Ren Bryan O, Mengers Sunita R, Furdock Ryan J, Mistovich R Justin, Belding Jonathan E
Department of Orthopedic Surgery, University of Michigan, Ann Arbor, USA.
Department of Orthopedic Surgery, University Hospitals Cleveland Medical Center, Cleveland, USA.
Cureus. 2024 Dec 15;16(12):e75745. doi: 10.7759/cureus.75745. eCollection 2024 Dec.
Introduction In idiopathic scoliosis surgery, studies have shown two attending surgeons have better curve correction, pain, and recovery time. There is conflicting evidence on operative time, blood loss, infection rate, and hospital length of stay. Limited literature examines the impact of surgeon experience on the dual approach. The purpose of this study was to evaluate the performance of two young orthopedic attendings compared to a senior-level attending in idiopathic scoliosis surgery. Methods We examined adolescent idiopathic scoliosis (AIS) patients undergoing posterior spinal fusion by a single or dual-attending approach. We performed a 1:1 propensity score match with the variables of age at surgery, sex, body mass index, Cobb angle, and number of levels fused. Peri- and postoperative outcomes were analyzed. Results There were 24 patients in each cohort. Patients having surgery by dual attendings had a shorter mean operative time overall (232 vs. 327 minutes, p<0.001) and per levels fused (19 vs. 26 minutes per level, p<0.001). Dual attendings had better percent curve correction (70% vs. 56%, p=0.001) and smaller overall final postoperative curve magnitude (17° vs. 25°, p<0.001). Estimated blood loss (421 vs. 989 mL, p=0.023) and cell saver volume transfused (59 vs. 178 mL, p<0.001) were lower in dual attending cases. Dual attending patients had a shorter length of stay (3 vs. 4 days, p<0.001). There were no differences in Hemovac blood loss, transfusion requirements, need for intensive care, or complications. Over time, the young dual attendings improved in hospital length of stay (R: -0.617, p=0.001) and hemovac blood loss (R: -0.474, p=0.019).

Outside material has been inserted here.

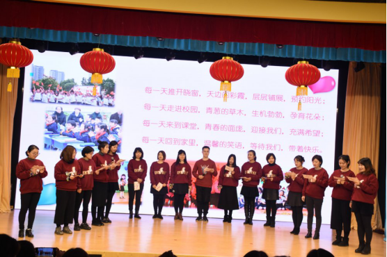 12月31日,伴着冬日和煦的阳光,教师元旦联欢会在小剧场拉开帷幕。南外青奥村小学的教师们欢聚一堂,共庆新年。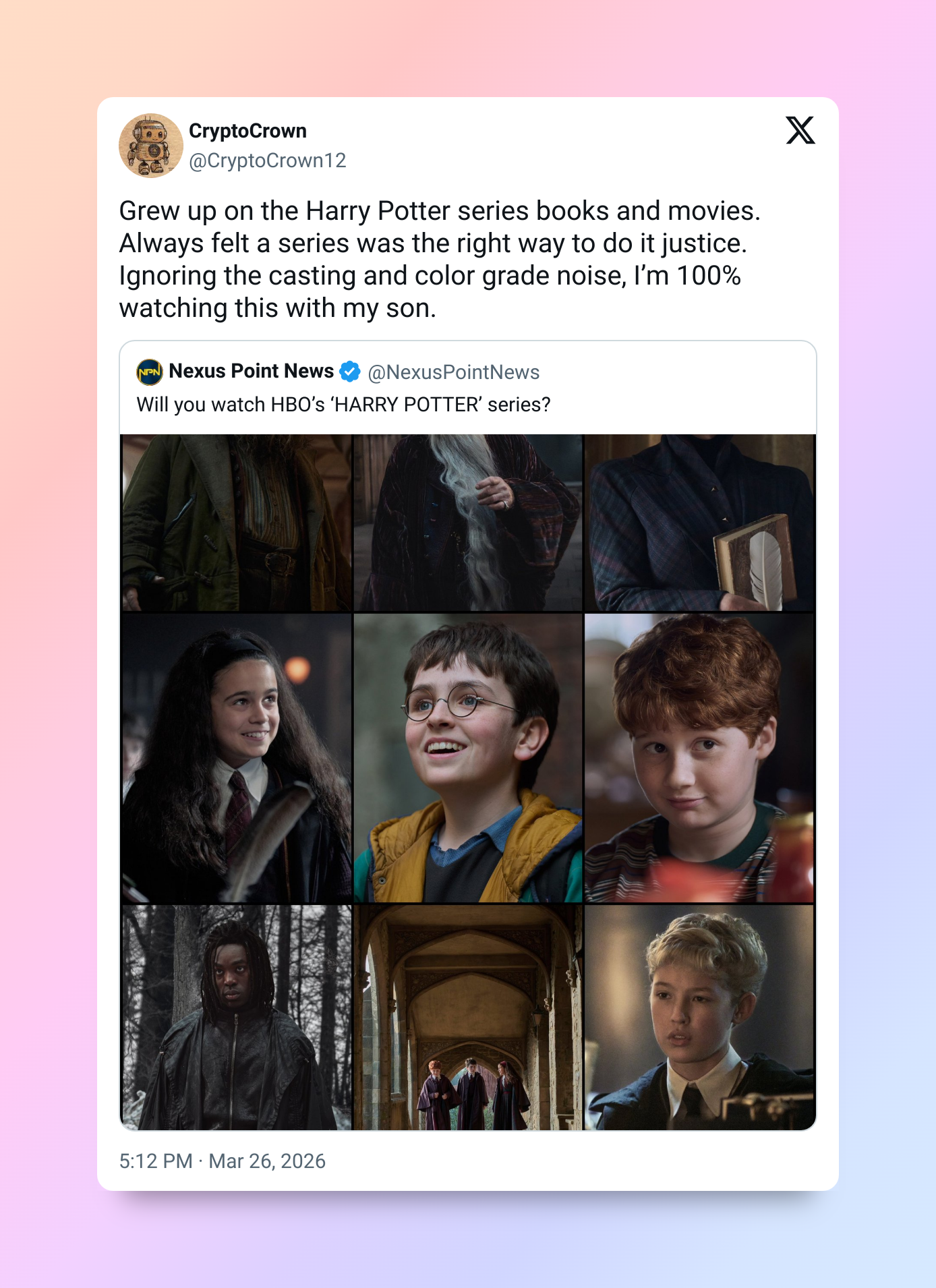«Я вырос на книгах о Гарри и фильмах по ним. Если не обращать внимания на проблемы с подбором актёров и цветокоррекцией, я обязательно посмотрю этот новый сериал со своим сыном».

Conclusion A dual attending approach in idiopathic scoliosis surgery may result in shorter operative time, greater curve correction, reduced operative blood loss, and shortened hospital length of stay. No differences were identified in postoperative blood loss or transfusion requirement, need for intensive care, or overall complication rate. Within the limitations of this study, we conclude that dual attending surgery in idiopathic scoliosis is safe and effective when conducted by two young orthopedic surgeons, with results that are similar to that of a more experienced senior surgeon.
引言 在特发性脊柱侧弯手术中,研究表明两名主刀医生进行手术时,在矫正侧弯、缓解疼痛以及缩短恢复时间方面效果更佳。关于手术时间、失血量、感染率和住院时长,存在相互矛盾的证据。仅有有限的文献探讨了医生经验对双人手术方式的影响。本研究的目的是评估两名年轻骨科主治医生与一名资深主治医生在特发性脊柱侧弯手术中的表现。
方法 我们研究了采用单主刀或双主刀方式进行后路脊柱融合术的青少年特发性脊柱侧弯(AIS)患者。我们根据手术年龄、性别、体重指数、Cobb角和融合节段数等变量进行了1:1倾向评分匹配。分析了围手术期和术后的结果。
结果 每个队列有24例患者。双主刀手术的患者总体平均手术时间更短(232分钟对327分钟,p<0.001),且每个融合节段的手术时间也更短(每节段19分钟对26分钟,p<0.001)。双主刀手术在侧弯矫正百分比方面更佳(70%对56%,p=0.001),术后最终总体侧弯度数更小(17°对25°,p<0.001)。双主刀手术病例的估计失血量(421毫升对989毫升,p=0.023)和术中自体血回输量(59毫升对178毫升,p<0.001)更低。双主刀手术的患者住院时间更短(3天对4天,p<0.001)。在Hemovac引流管失血量、输血需求、重症监护需求或并发症方面没有差异。随着时间推移,年轻的双主刀医生在住院时长(R:-0.617,p=0.001)和Hemovac引流管失血量(R:-0.474,p=0.019)方面有所改善。
结论 特发性脊柱侧弯手术采用双主刀方式可能会缩短手术时间、实现更大程度的侧弯矫正、减少术中失血量并缩短住院时长。在术后失血量或输血需求、重症监护需求或总体并发症发生率方面未发现差异。在本研究的局限性范围内,我们得出结论,由两名年轻骨科医生进行的特发性脊柱侧弯双主刀手术是安全有效的,其结果与经验更丰富的资深医生相似。